Taking a closer look at the National Rifle Association (NRA), its interests are not limited only to national but also to international sales. It is no coincidence that the NRA has good relations with President Trump and many parliamentarians not only Republicans but also Democrats. This association sponsors multi-million dollar political campaigns of candidates on the state level. Then you pay duty helping the NRA to obtain what is of common interest that is as much profit in the production and sale of arms both at home and abroad. This dynamic was the one that always put down any initiative by former President Barack Obama and the Democrats during the period of his presidency. They couldn’t push through any changes to amendments for greater small arms control in the country. The drama of mass assaults in schools and public buildings, as we saw, continued to grow at absurd levels. But no one had managed to unblock this situation of immobility. The NRA had always been able to push through and “motivate” both political representatives and the media on the importance of arms for personal and national defense. This in spite of Columbia University research that systematically analyzed 130 studies conducted in 10 different countries, including the United States, which confirmed even more that arms control in these countries always resulted in the best safety results. Both in the minor numbers of dead and wounded but also decreases in reducing the sale of the weapons and therefore greater safety and stability for all.

100,000s of demonstrators gathered at the Capitol Hill in Washington, DC on Saturday, March 24, 2018, and in other 800 American cities and around the world. They came to protest, asking for action against gun violence and greater control and to remember the deaths of the 17 friends students in Parkland, Florida as well as the thousands who died innocently. They were seeking a future free of this for new generations.

I chose to be with them to show my solidarity and closeness at an important moment of pain but also a time of courage and desire for redemption It was to honor the common fight for all children, young people and common folks who were swept away by a violence across the country. It seems it has devolved into a country that can no longer control the weapons it produces, either internally or externally, with the large number of international exports. It is resembling a boomerang that backfires, and a society that condemns its future by annihilating future generations violently and oftentimes consciously.

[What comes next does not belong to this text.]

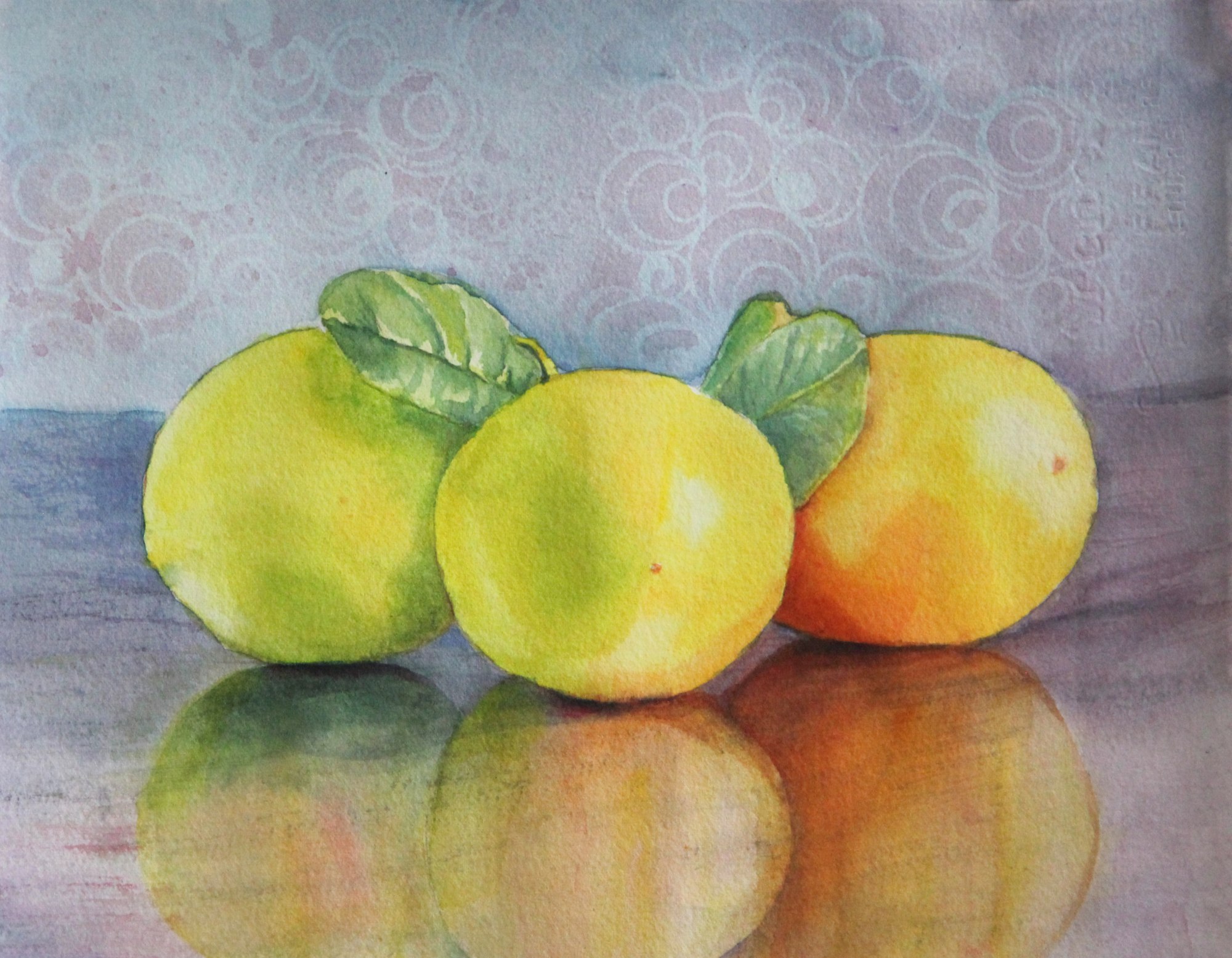 In this captivating watercolor composition, three Meyer lemons rest gracefully on a sleek stainless counter, their sunny yellow peels contrasting with the cool metallic surface. The artist portrays the texture of the lemons, capturing the subtle variations in their skin with delicate brushstrokes. The play of light creates a luminous quality, as soft shadows dapple the counter beneath the citrus trio. Against a backdrop of swirling patterns, reminiscent of a gentle breeze or a moment frozen in time, the lemons take center stage. The stainless counter, with its reflective properties, adds a modern touch, and the intricate swirl pattern background adds a sense of dynamic movement to the still life. The overall effect is both visually striking and harmoniously balanced, inviting viewers to appreciate the interplay of form, color, and texture in this exquisite watercolor masterpiece.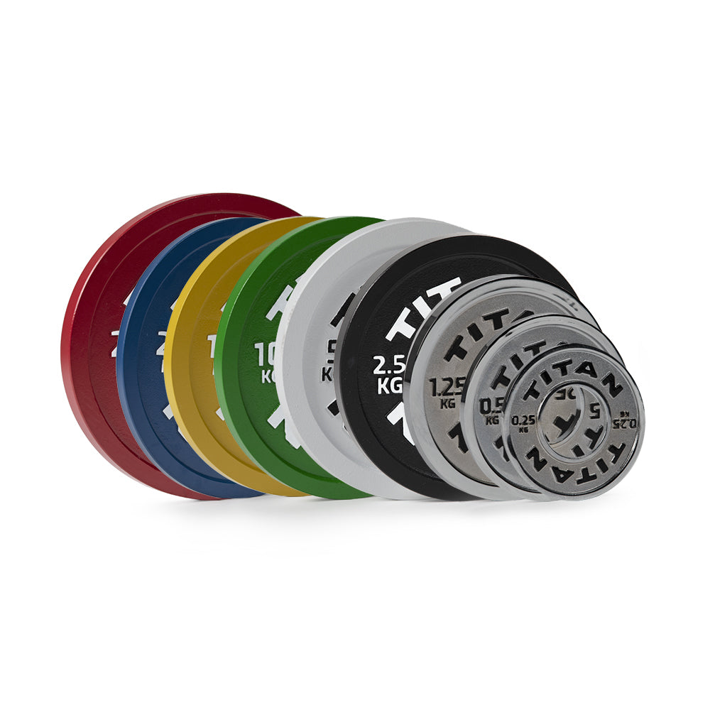 The Calibrated KG Steel Plates are designed and machined to have the thinnest profile available for minimal space usage on the bar. Each plate is color-coded for easy identification and features dual TITAN logos, KG weight indications, and a 50.5 mm collar opening, which fits Olympic-sized barbells. The back of each plate includes calibration plugs for greater precision within a 10-gram tolerance of weight. Suitable for Olympic weightlifting and Powerlifting, these precision discs are developed for but are not limited to squat, bench, and deadlift movements. Smash your daily workouts and hit your PR with these machine-calibrated plates.

These hundreds of thousands of young people who came to Washington from across the country, but also the many others doing the same thing in other cities, were very conscious of what they were implementing and carrying on.  So many just young teenagers who had to grow up fast to face life that was playing out in a cold and violent way. The very strong response this time, after so many previous massacres of the last twenty years, was vehement and determined.

There were nearly 700-800.000 people at the “March for Our Lives” in Washington, D.C. on a sunny and beautiful day, full of colors and excitement. Hordes of people, not only young people but their families. Many banners and slogans with much creativity, direct messages and humor. But with a common slogan: Enough is Enough! That the immobility and callousness of politicians are no longer tolerated!

The movement of these young survivors of the massacre of Parkland/Florida had been able in a month to mobilize all these thousands of people from everywhere. Millions of people were mobilized even across the country and abroad.

This historic “March for Our Lives” was conceived and organized to ask the American government to promote and urgently approve more stringent laws for the sale and use of weapons in the country. To stop the epidemic of violent assaults and killings in the schools of the country, condemning children, adolescents and youth to be victims sacrificed at the altar of the idol of weapons. This event was made possible through the sponsorship of people like Oprah Winfrey, George and Amal Clooney and other American celebrities who donated for this and other initiatives. This allowed the multitudes to have a channel where they could shout out their fears and disappointments. But also shout the dreams, the hopes and the right to life to President Trump, the Administration and to the world that life is far more important than weapons, possible war and widespread division.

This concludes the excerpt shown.